Poor communiation during construction on the Twin Peaks Tunnel in 2018 forced The City and contractor to go back and redo some of the work, causing delays and cost increases. (Kevin N. Hume/S.F. Examiner)

Poor communiation during construction on the Twin Peaks Tunnel in 2018 forced The City and contractor to go back and redo some of the work, causing delays and cost increases. (Kevin N. Hume/S.F. Examiner)

Audit finds SFMTA communication deficiencies cost the city time, money

The San Francisco Municipal Transportation Agency has cost the city millions of dollars and up to nearly two years of delays on four projects through communication failures and insufficient collaboration with other agencies, according to a City Controller audit released Tuesday.

The audit reported that ineffective employee evaluation, inconsistent design reviews, unaddressed safety and service issues, lack of training to improve collaboration and poor decision making from the Transportation Capital Committee — which oversees SFTMA’s capital planning process — all contributed to project delays and cost overruns on projects.

For example, the SFMTA did not fully communicate the need to test for and remove hazardous material for the Twin Peaks Tunnel Trackway Improvement Project, which led to $523,000 in change orders, and the contractor estimated a potential $3 to $9 million spike in cost to replace contaminated material.

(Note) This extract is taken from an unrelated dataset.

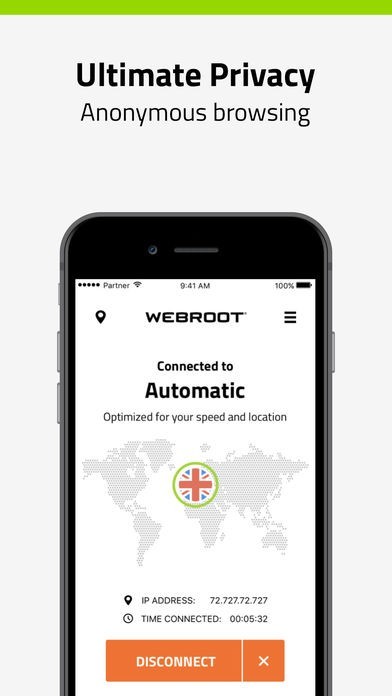 App Storeより引用Webroot® WiFi Security is different from a traditional VPN. It adds a layer of protection for your valuable information, but isn’t demanding or difficult to set up. It just takes a single tap or click to activate all your protection features, so you know your connection is secure, anonymous, and most importantly, private.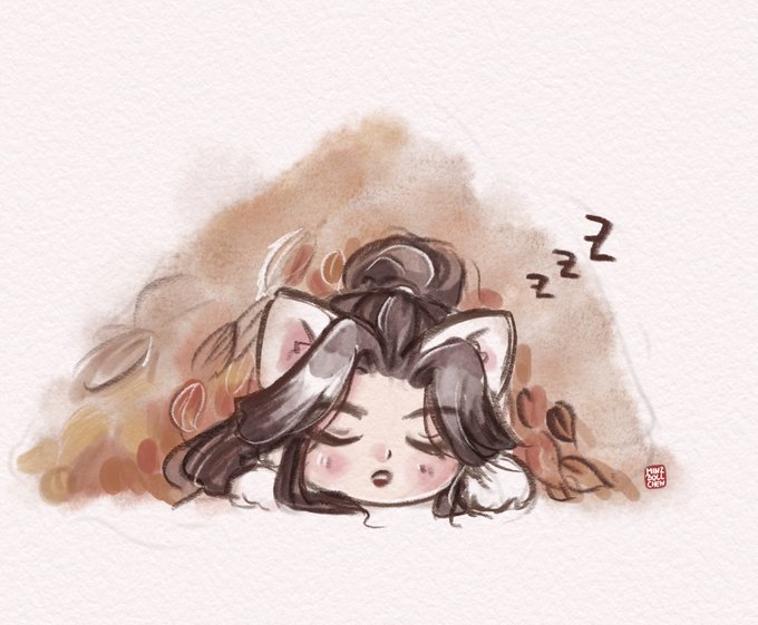 Doodled a sleeping Nyanning beneath a pile of leaves 🍃 today, since I didn’t feel like ink🤣

The audit also found that poor communication with the city’s Public Works department caused a 1.7-year project delay and $23,000 in change order costs for the 5-Fulton Outer Route Fast Track Transit Enhancements Project.

The report included multiple recommendations to improve SFMTA’s accountability, communication and collaboration, such as requiring collaboration training, holding employees more accountable for mistakes and improving the attendance of the Transportation Capital Committee.

The audit included a survey of SFMTA staff opinions on their agency’s ability to communicate and collaborate with other agencies effectively. The majority of surveyed employees believed that SFMTA was good at collaboration, but a majority also reported that there is little accountability for managers who do not collaborate well.

In the four projects surveyed by the audit, one did not include a preliminary engineering report and the other three contained mistakes.

In a response letter, SFMTA Director of Transportation Jeffrey Tumlin said that the Project Management Office has begun developing training to improve communication and collaboration among SFMTA employees. His office will also set more clear definitions for budget management — a key part of the audit’s recommendation.

Tumlin noted in the letter that SFMTA’s Project Management Office will work to implement the rest of the recommendations.

In an email, SFMTA spokeswoman Erica Kato noted that the SFMTA has a portfolio of 300 successfully delivered projects.

“We appreciate the work of the City Services Audit staff throughout the course of this audit on our projects from two years ago. We found of particular value the audit’s review of inter-divisional collaboration and communication and its impact on project delivery. Thankfully, the Controller’s important recommendations align with efforts we already have underway to improve project delivery,” Kato said.